WHAT THE EXERCISE ASKS =
Would you restate every entry that follows, word for word, and leave out the pictures?

--- SOURCE INFORMATION Enclosed Below ---

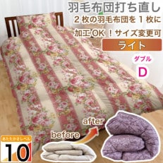 羽毛掛け布団 ダブル 打ち直し 赤系 二層式であたたかい リフォーム 柄おまかせ【ライトコース】
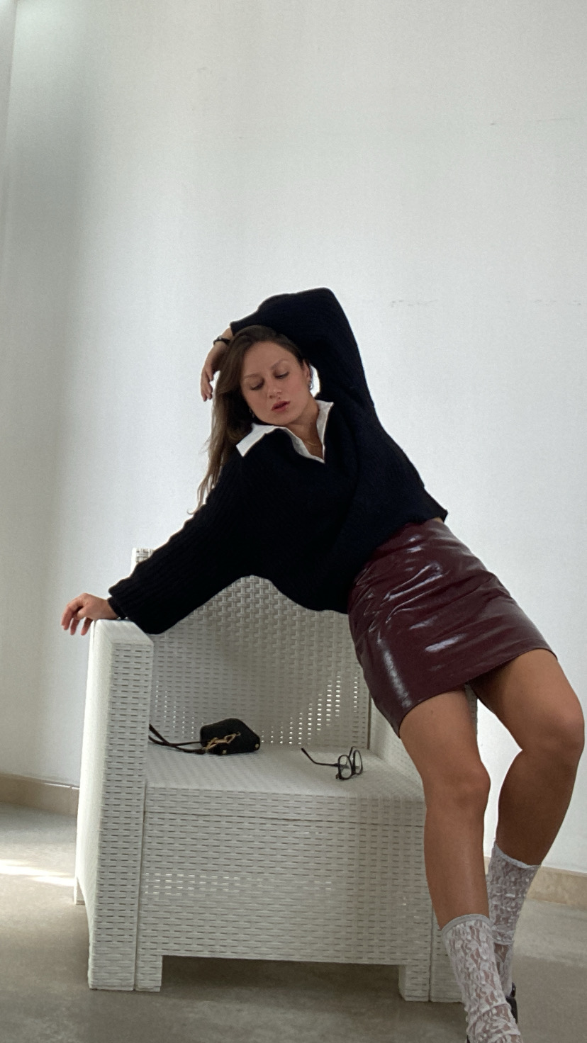 Gonna aderente a vita alta in vernice foderata da shorts al suo interno zip sul retro
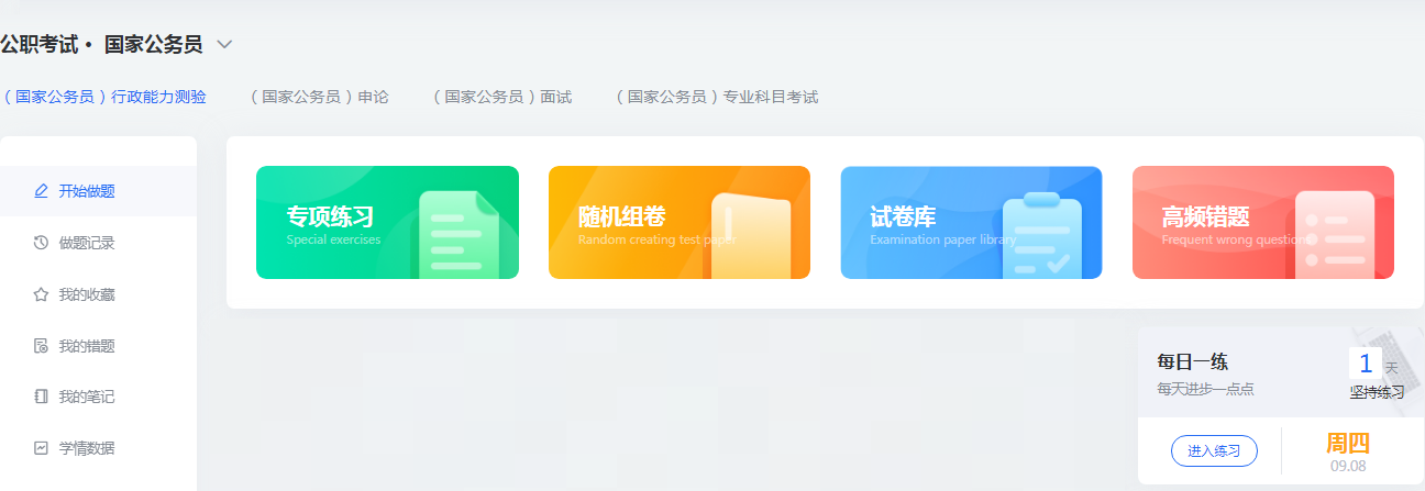 刷题中心 独立的刷题中心聚能平台所有的学习功能,有章节练习、专项练习、随机组卷、每日一练、历年真题、模拟试卷、冲刺密卷、高频错题、试题检索、试卷检索等,还可查询用户所有的学习记录,如做题记录、试卷记录、我的错题、我的收藏、我的笔记、学情数据等,记录分析用户的学习数据,为用户提供全方位的考试应用服务。
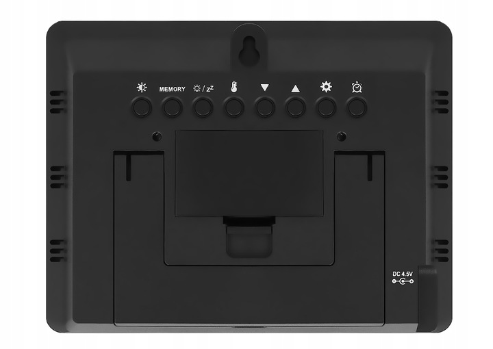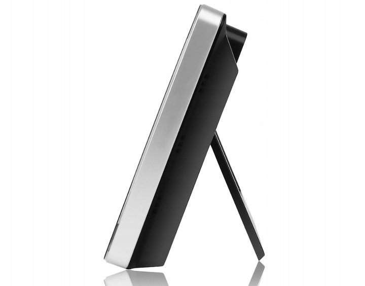 ✓ харчування також проводом ✓ живлення від акумулятора ✓ можливість регулювання нахилу станціїкнопка із зображенням термометра, утримувана протягом 1-2 сек, включає в себе параметри налаштування будильника, який повідомить нас про те, що температура, яку ми встановили, тільки що настала.
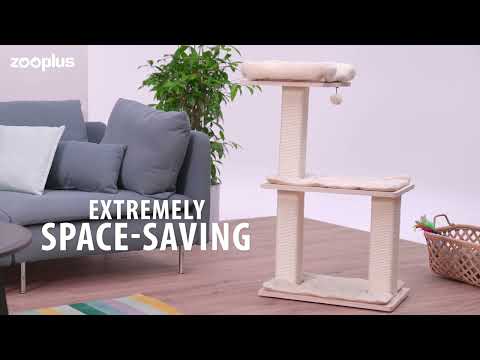 Hey, come on. Don't look so critical. A scratching post doesn't always have to reach the ceiling. Look how cosy this scratching furniture looks - and have you seen the thick scratching posts? You can choose where you want to rest. On the platform with the play ball or would you prefer the cosy bed at the top? A high level of comfort is provided on both levels. The trunks are square and not round, so you have even more space to scratch, stretch and stretch out. The scratching post is so stable and sturdy that it is also suitable for large tigers like you who like to attack the scratching posts with vigour. That's what makes claw care the most fun, isn't it?
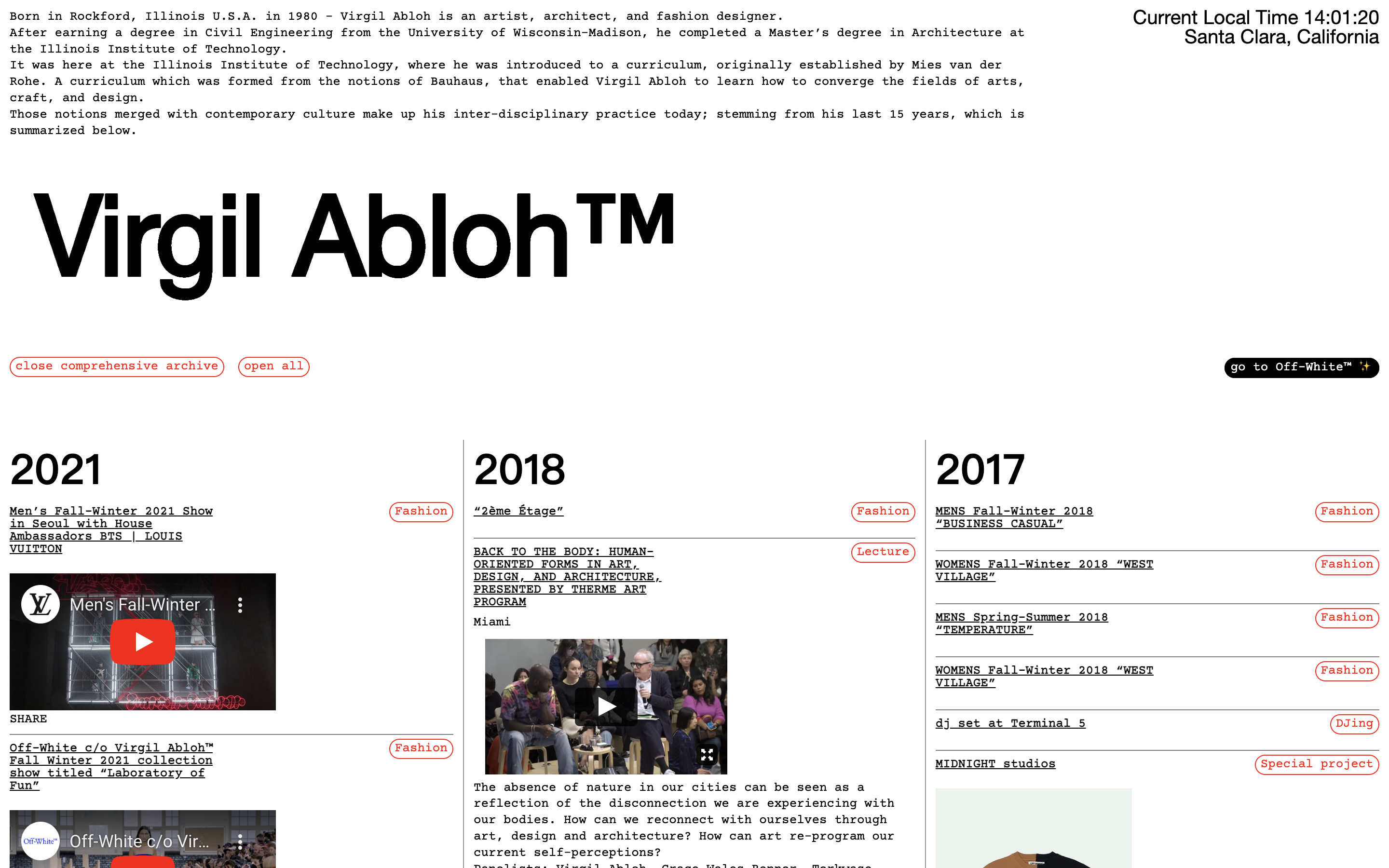 例如 fragment design、Travis Scott、BAPE® 等等当下频繁出现的联名常客,它们的企划系列口碑褒贬不一;但在 Virgil Abloh 的过往设计中,小到一个水瓶,大到一台汽车,Virgil 都会给出有说服力的背景故事和设计灵感,让你明白每一个设计究竟是为什么那样做,而不是简单的直接发售;所以一直到后续的产品,Virgil 都会保持在一贯的水准之上。在他的 canary—yellow.com 上面,你能了解到一切。
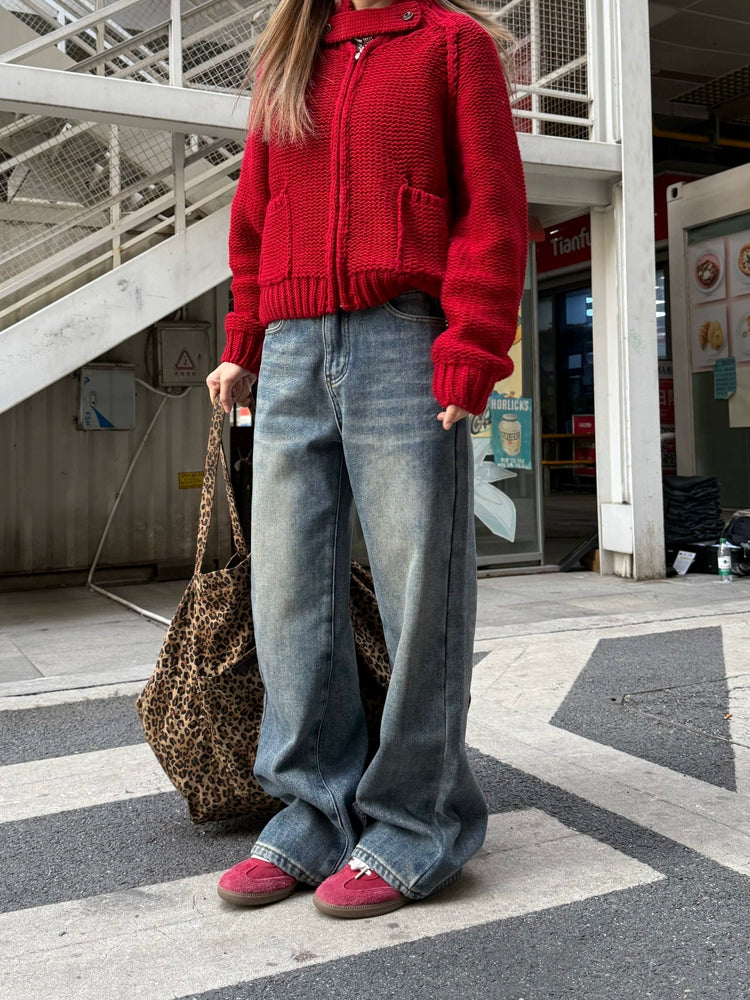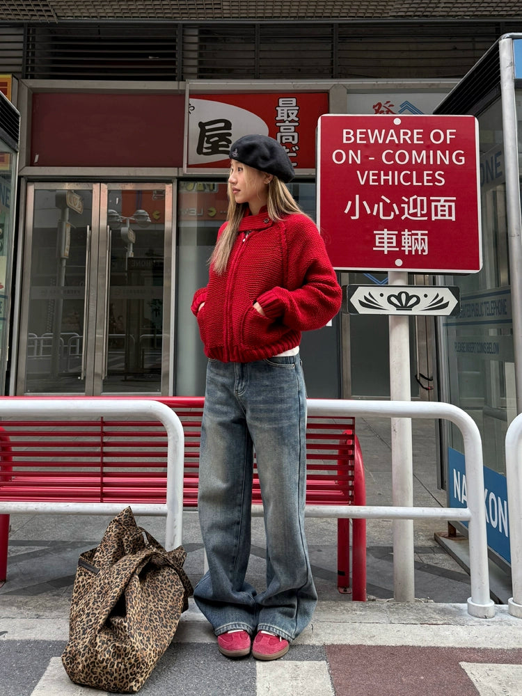トップスはすっきりとしたクロップド丈やジャストサイズのアイテムと好相性。
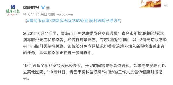 据健康时报报道,10月11日,青岛市胸科医院胸科门诊的工作人员表示,医院全部科室今天已经停诊。工作人员表示,该医院是收治新冠肺炎的定点医院,现在还有新冠肺炎患者在院,但是确诊患者的住院区域与其他住院患者是分开的。
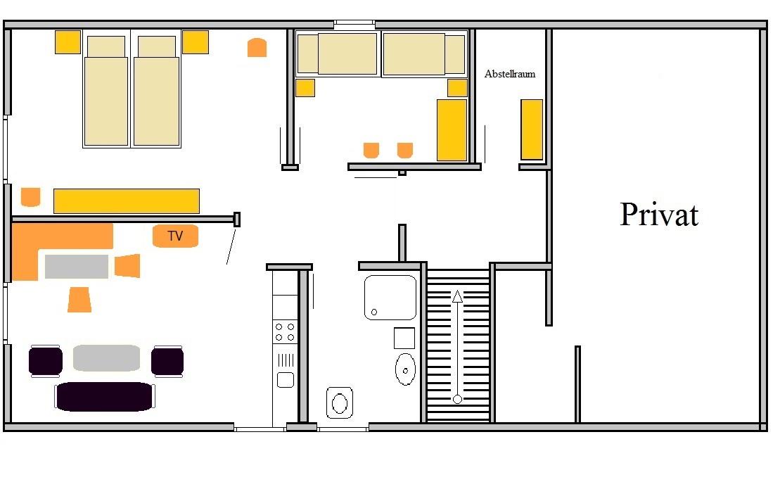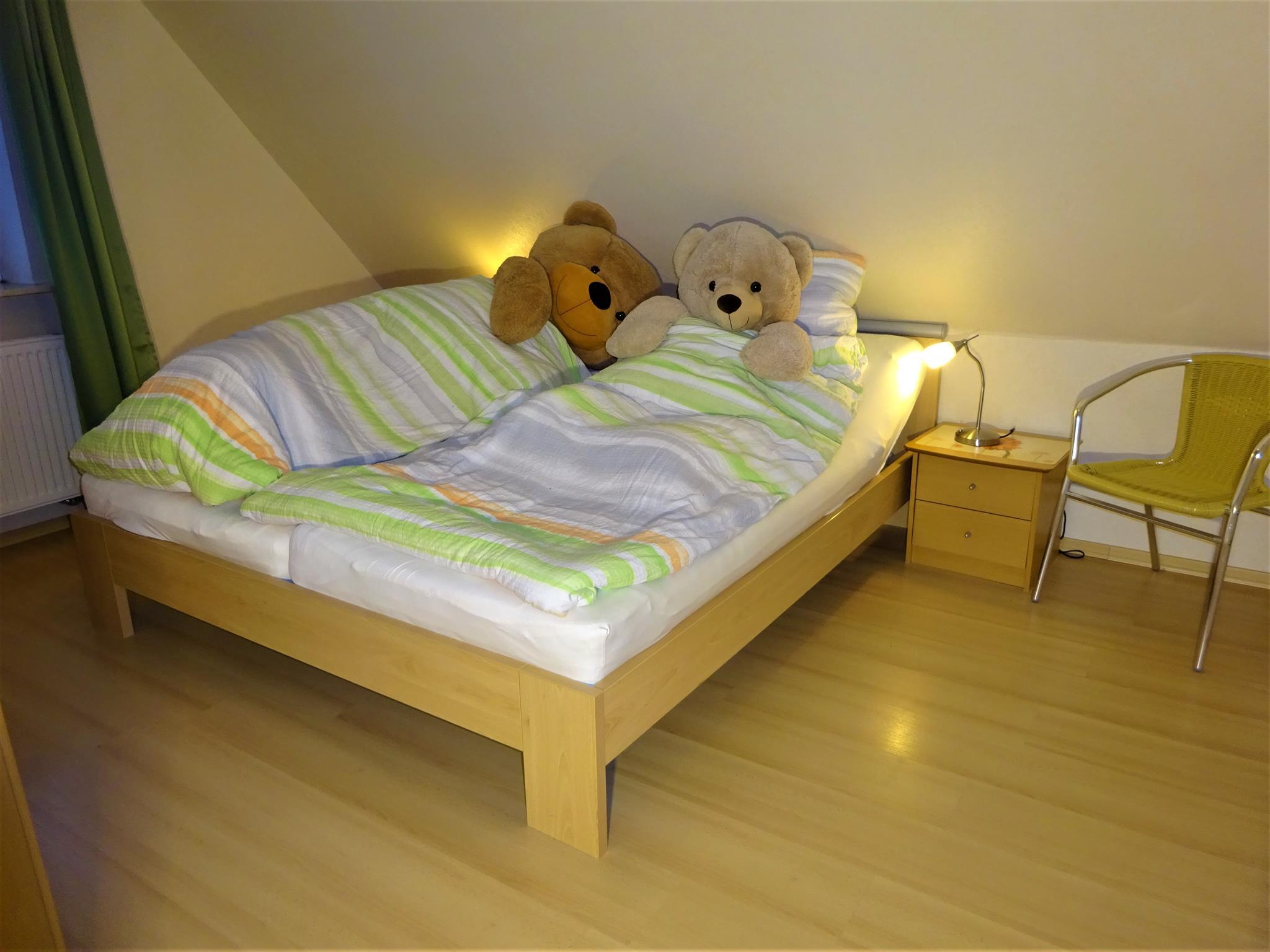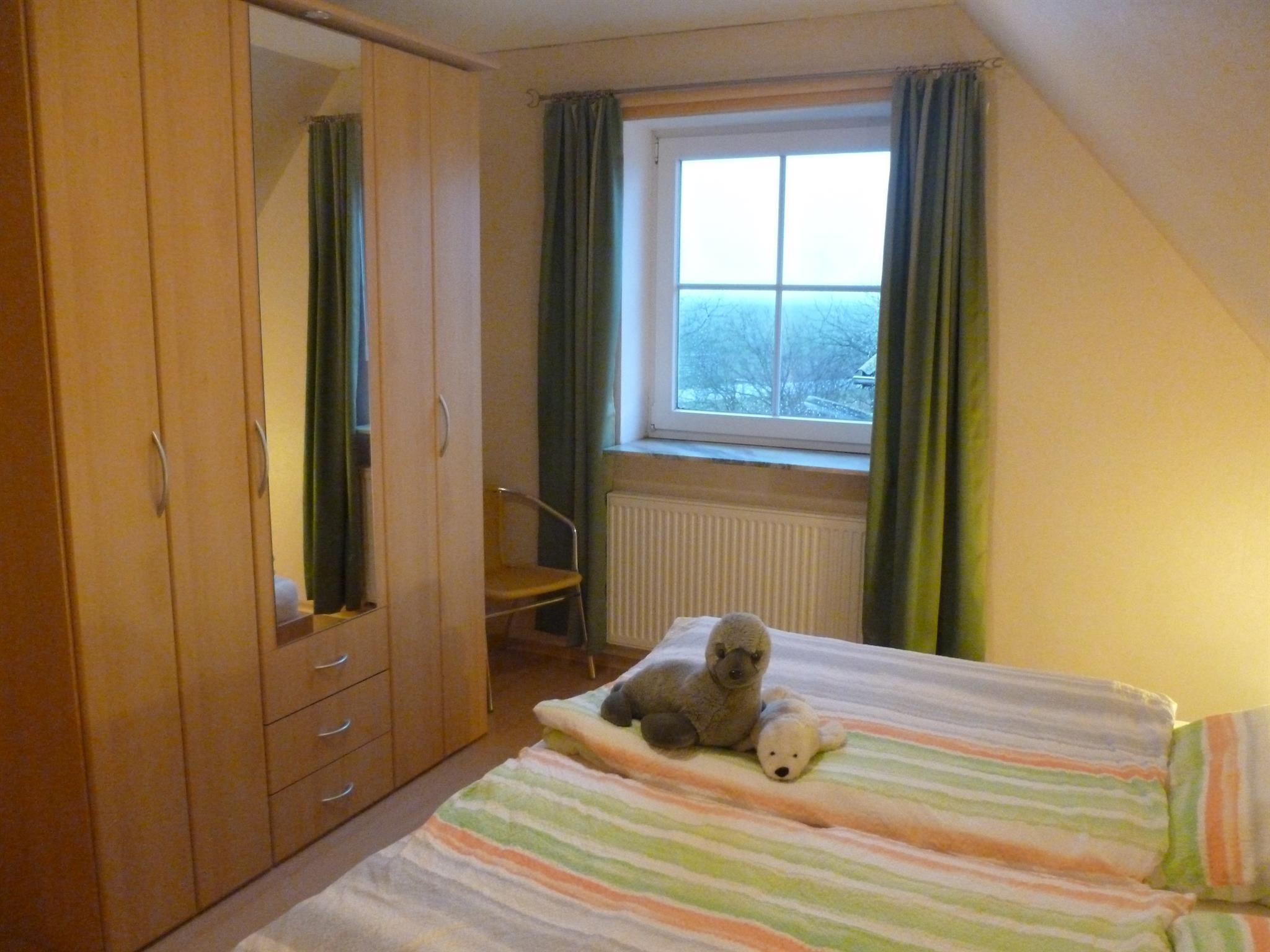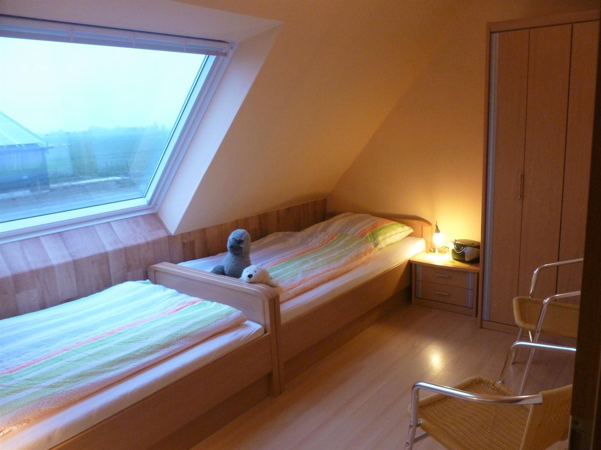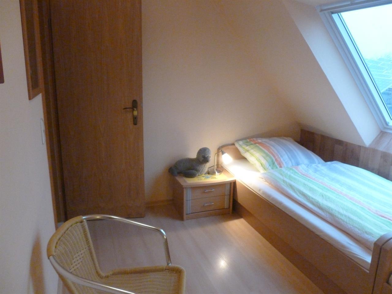 Im Dachgeschoss wohnen Sie in einer 55 qm großen Ferienwohnung mit 2 Schlafräumen mit Verdunklungsrollos, einer Wohnküche, Dusche/WC, Flur und Abstellraum.

--- End of Enclosed SOURCE INFORMATION ---

FINAL ANSWER =
 羽毛掛け布団 ダブル 打ち直し 赤系 二層式であたたかい リフォーム 柄おまかせ【ライトコース】
 Gonna aderente a vita alta in vernice foderata da shorts al suo interno zip sul retro
 刷题中心 独立的刷题中心聚能平台所有的学习功能,有章节练习、专项练习、随机组卷、每日一练、历年真题、模拟试卷、冲刺密卷、高频错题、试题检索、试卷检索等,还可查询用户所有的学习记录,如做题记录、试卷记录、我的错题、我的收藏、我的笔记、学情数据等,记录分析用户的学习数据,为用户提供全方位的考试应用服务。
 ✓ харчування також проводом ✓ живлення від акумулятора ✓ можливість регулювання нахилу станціїкнопка із зображенням термометра, утримувана протягом 1-2 сек, включає в себе параметри налаштування будильника, який повідомить нас про те, що температура, яку ми встановили, тільки що настала.
 Hey, come on. Don't look so critical. A scratching post doesn't always have to reach the ceiling. Look how cosy this scratching furniture looks - and have you seen the thick scratching posts? You can choose where you want to rest. On the platform with the play ball or would you prefer the cosy bed at the top? A high level of comfort is provided on both levels. The trunks are square and not round, so you have even more space to scratch, stretch and stretch out. The scratching post is so stable and sturdy that it is also suitable for large tigers like you who like to attack the scratching posts with vigour. That's what makes claw care the most fun, isn't it?
 例如 fragment design、Travis Scott、BAPE® 等等当下频繁出现的联名常客,它们的企划系列口碑褒贬不一;但在 Virgil Abloh 的过往设计中,小到一个水瓶,大到一台汽车,Virgil 都会给出有说服力的背景故事和设计灵感,让你明白每一个设计究竟是为什么那样做,而不是简单的直接发售;所以一直到后续的产品,Virgil 都会保持在一贯的水准之上。在他的 canary—yellow.com 上面,你能了解到一切。
トップスはすっきりとしたクロップド丈やジャストサイズのアイテムと好相性。
 据健康时报报道,10月11日,青岛市胸科医院胸科门诊的工作人员表示,医院全部科室今天已经停诊。工作人员表示,该医院是收治新冠肺炎的定点医院,现在还有新冠肺炎患者在院,但是确诊患者的住院区域与其他住院患者是分开的。
 Im Dachgeschoss wohnen Sie in einer 55 qm großen Ferienwohnung mit 2 Schlafräumen mit Verdunklungsrollos, einer Wohnküche, Dusche/WC, Flur und Abstellraum.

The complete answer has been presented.